Exercise data:
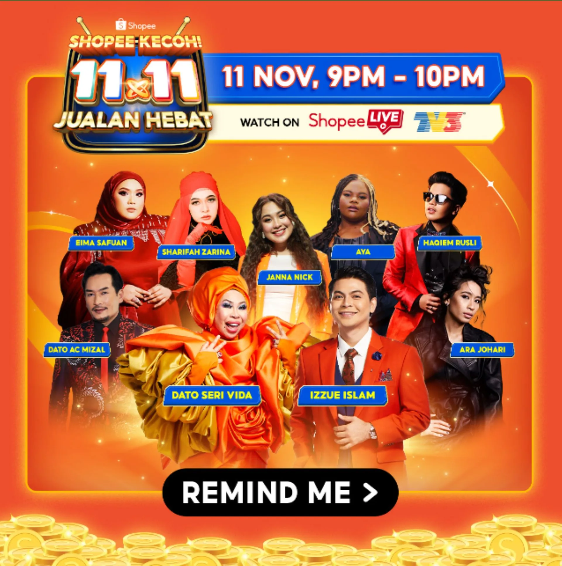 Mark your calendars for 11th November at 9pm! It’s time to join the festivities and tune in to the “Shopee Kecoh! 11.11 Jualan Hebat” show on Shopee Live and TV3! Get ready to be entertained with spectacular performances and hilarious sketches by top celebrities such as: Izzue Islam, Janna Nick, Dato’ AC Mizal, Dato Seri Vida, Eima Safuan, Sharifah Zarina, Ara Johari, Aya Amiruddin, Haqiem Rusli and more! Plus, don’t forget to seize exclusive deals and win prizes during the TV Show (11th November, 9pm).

--

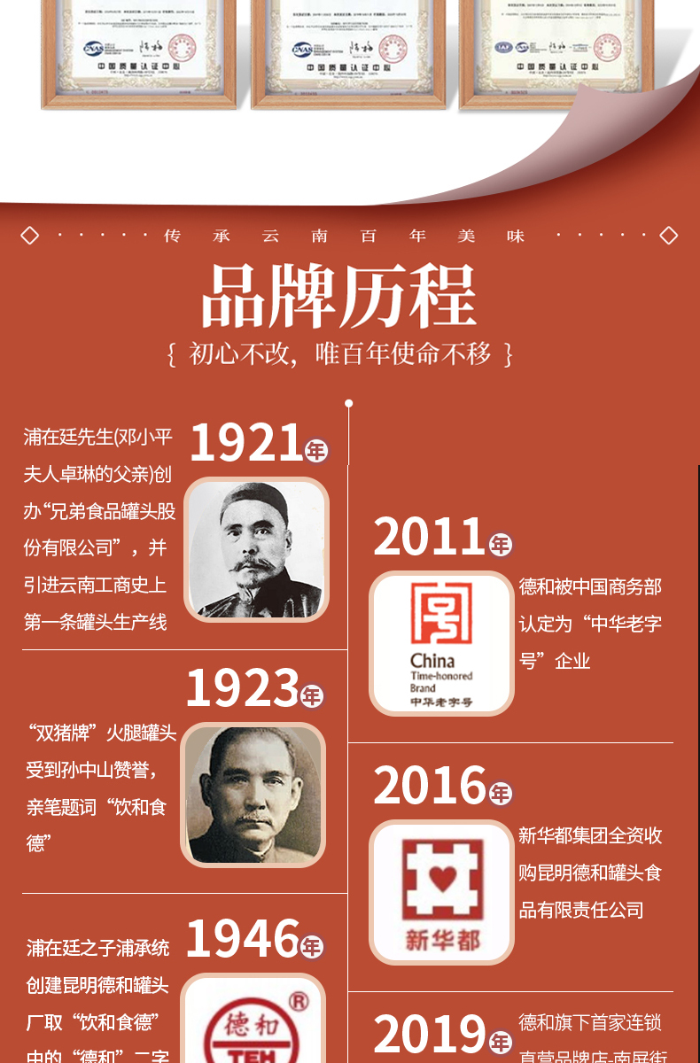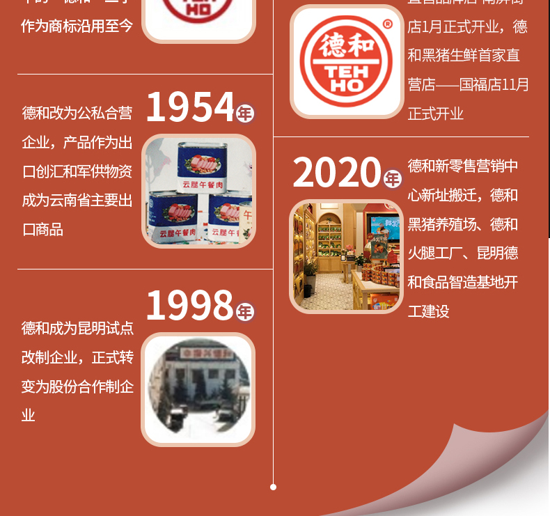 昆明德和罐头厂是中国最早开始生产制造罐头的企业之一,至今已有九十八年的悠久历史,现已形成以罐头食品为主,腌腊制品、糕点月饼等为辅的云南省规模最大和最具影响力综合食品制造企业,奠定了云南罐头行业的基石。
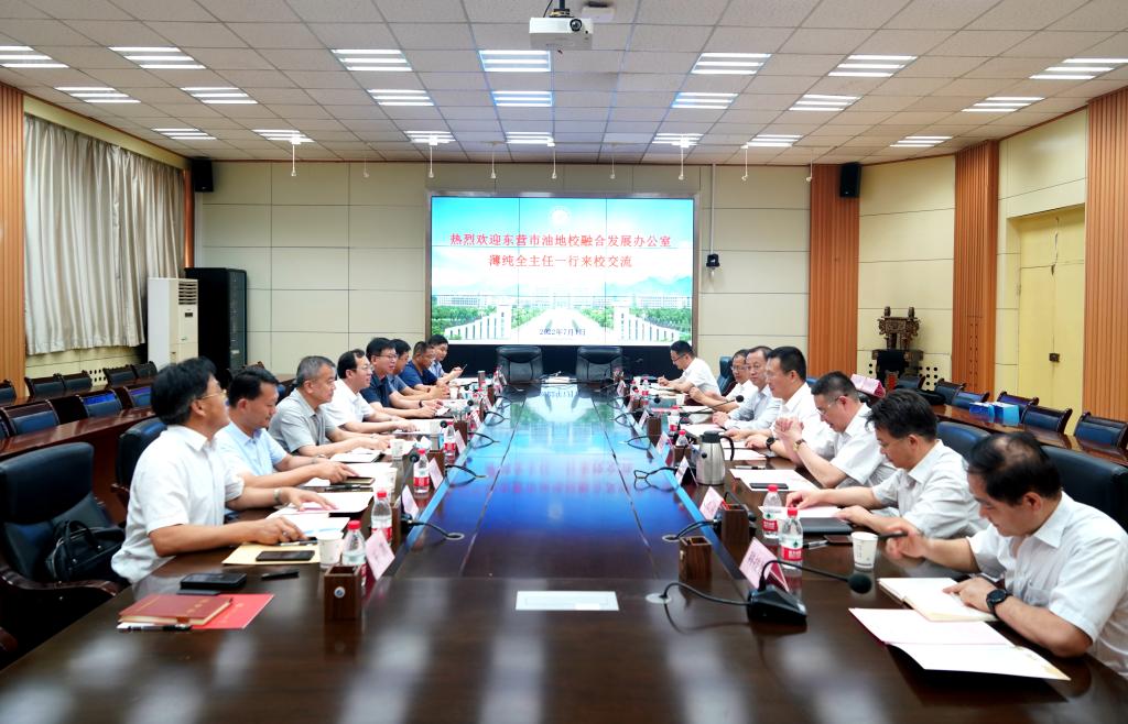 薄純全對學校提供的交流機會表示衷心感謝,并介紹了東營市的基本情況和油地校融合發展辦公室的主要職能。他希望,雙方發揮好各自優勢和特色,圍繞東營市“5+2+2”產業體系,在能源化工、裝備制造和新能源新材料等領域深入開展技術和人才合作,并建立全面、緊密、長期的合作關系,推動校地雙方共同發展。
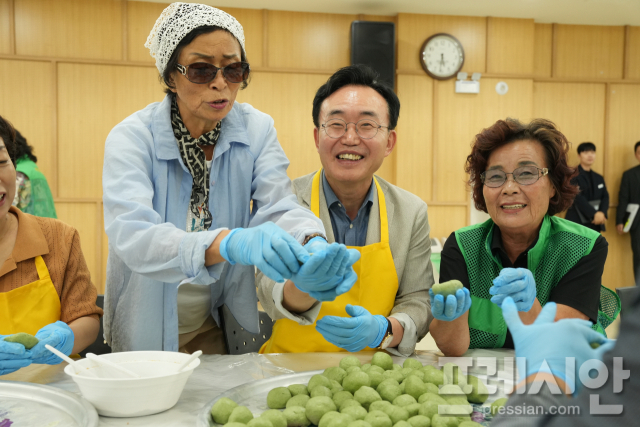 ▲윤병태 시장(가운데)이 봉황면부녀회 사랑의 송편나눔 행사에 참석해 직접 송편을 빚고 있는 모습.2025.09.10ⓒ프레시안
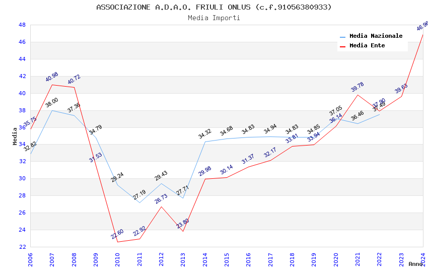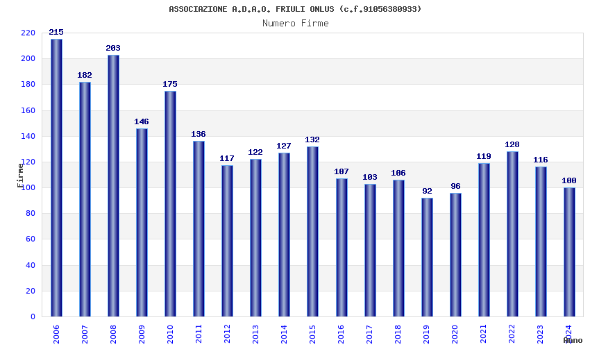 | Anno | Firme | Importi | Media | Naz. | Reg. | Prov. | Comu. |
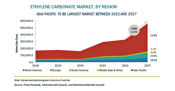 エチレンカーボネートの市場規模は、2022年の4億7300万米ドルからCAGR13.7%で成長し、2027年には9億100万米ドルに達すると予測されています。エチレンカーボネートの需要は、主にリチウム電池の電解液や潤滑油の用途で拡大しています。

--

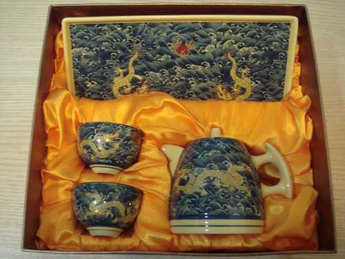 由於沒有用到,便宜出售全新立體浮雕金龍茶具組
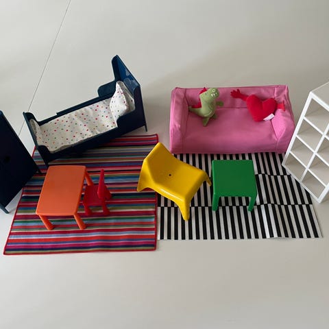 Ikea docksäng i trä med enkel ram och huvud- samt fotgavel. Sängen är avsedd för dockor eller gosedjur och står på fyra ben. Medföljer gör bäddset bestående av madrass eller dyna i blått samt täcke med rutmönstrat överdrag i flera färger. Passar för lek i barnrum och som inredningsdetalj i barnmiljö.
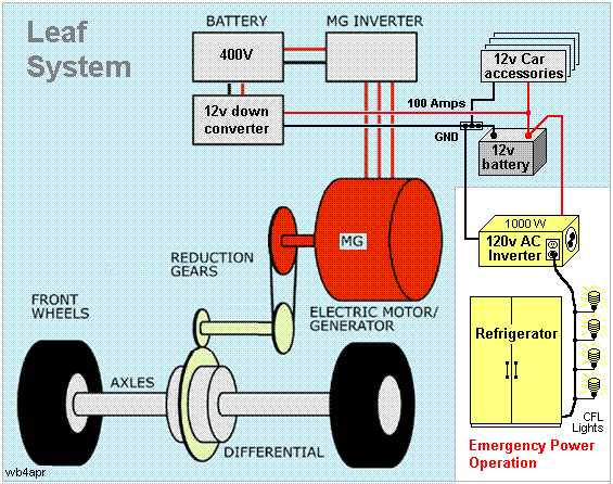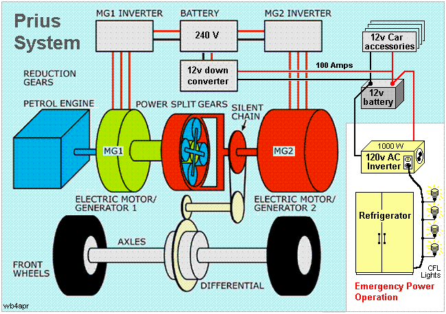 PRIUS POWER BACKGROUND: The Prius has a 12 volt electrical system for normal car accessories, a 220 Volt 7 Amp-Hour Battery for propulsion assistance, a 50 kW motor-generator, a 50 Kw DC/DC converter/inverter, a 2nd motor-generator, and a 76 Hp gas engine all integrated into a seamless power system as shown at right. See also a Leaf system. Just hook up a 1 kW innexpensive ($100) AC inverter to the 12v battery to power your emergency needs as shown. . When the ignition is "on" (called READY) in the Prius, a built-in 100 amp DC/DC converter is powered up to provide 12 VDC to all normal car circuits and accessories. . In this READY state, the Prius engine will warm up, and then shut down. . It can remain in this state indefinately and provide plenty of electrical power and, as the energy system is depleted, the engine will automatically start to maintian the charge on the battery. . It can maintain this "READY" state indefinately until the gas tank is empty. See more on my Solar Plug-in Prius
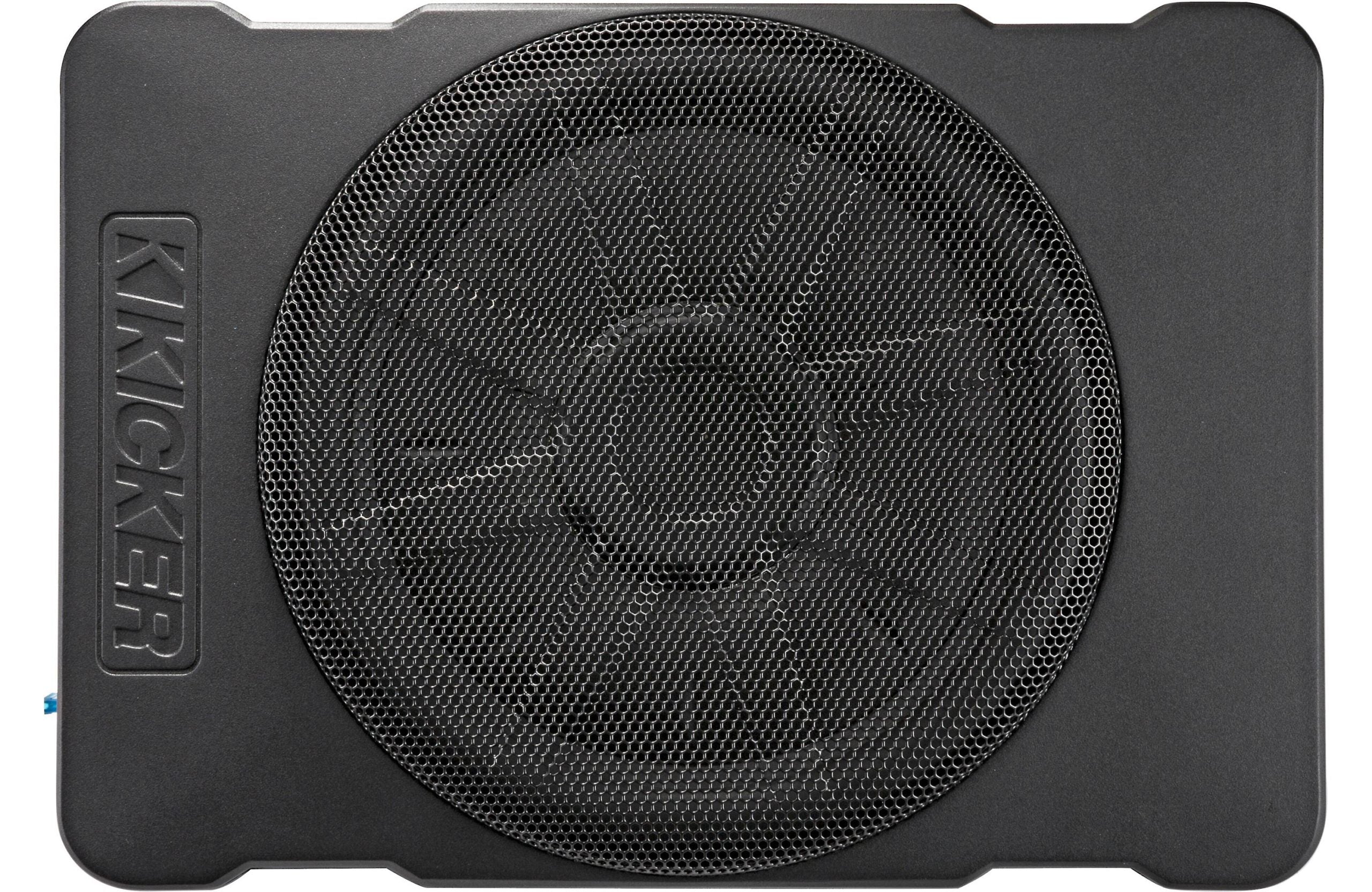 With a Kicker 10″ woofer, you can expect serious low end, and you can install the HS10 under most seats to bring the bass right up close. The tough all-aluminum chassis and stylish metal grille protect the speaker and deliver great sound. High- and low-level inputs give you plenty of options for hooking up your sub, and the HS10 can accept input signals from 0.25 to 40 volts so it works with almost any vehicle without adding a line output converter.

What the exercise asks: A verbatim reproduction is expected: starting at the line above that has "Ikea docksäng i", ending at the line that has "PRIUS POWER BACKGROUND: The", both included, and with no pictures and no other lines.

Result of the exercise:
 Ikea docksäng i trä med enkel ram och huvud- samt fotgavel. Sängen är avsedd för dockor eller gosedjur och står på fyra ben. Medföljer gör bäddset bestående av madrass eller dyna i blått samt täcke med rutmönstrat överdrag i flera färger. Passar för lek i barnrum och som inredningsdetalj i barnmiljö.
 PRIUS POWER BACKGROUND: The Prius has a 12 volt electrical system for normal car accessories, a 220 Volt 7 Amp-Hour Battery for propulsion assistance, a 50 kW motor-generator, a 50 Kw DC/DC converter/inverter, a 2nd motor-generator, and a 76 Hp gas engine all integrated into a seamless power system as shown at right. See also a Leaf system. Just hook up a 1 kW innexpensive ($100) AC inverter to the 12v battery to power your emergency needs as shown. . When the ignition is "on" (called READY) in the Prius, a built-in 100 amp DC/DC converter is powered up to provide 12 VDC to all normal car circuits and accessories. . In this READY state, the Prius engine will warm up, and then shut down. . It can remain in this state indefinately and provide plenty of electrical power and, as the energy system is depleted, the engine will automatically start to maintian the charge on the battery. . It can maintain this "READY" state indefinately until the gas tank is empty. See more on my Solar Plug-in Prius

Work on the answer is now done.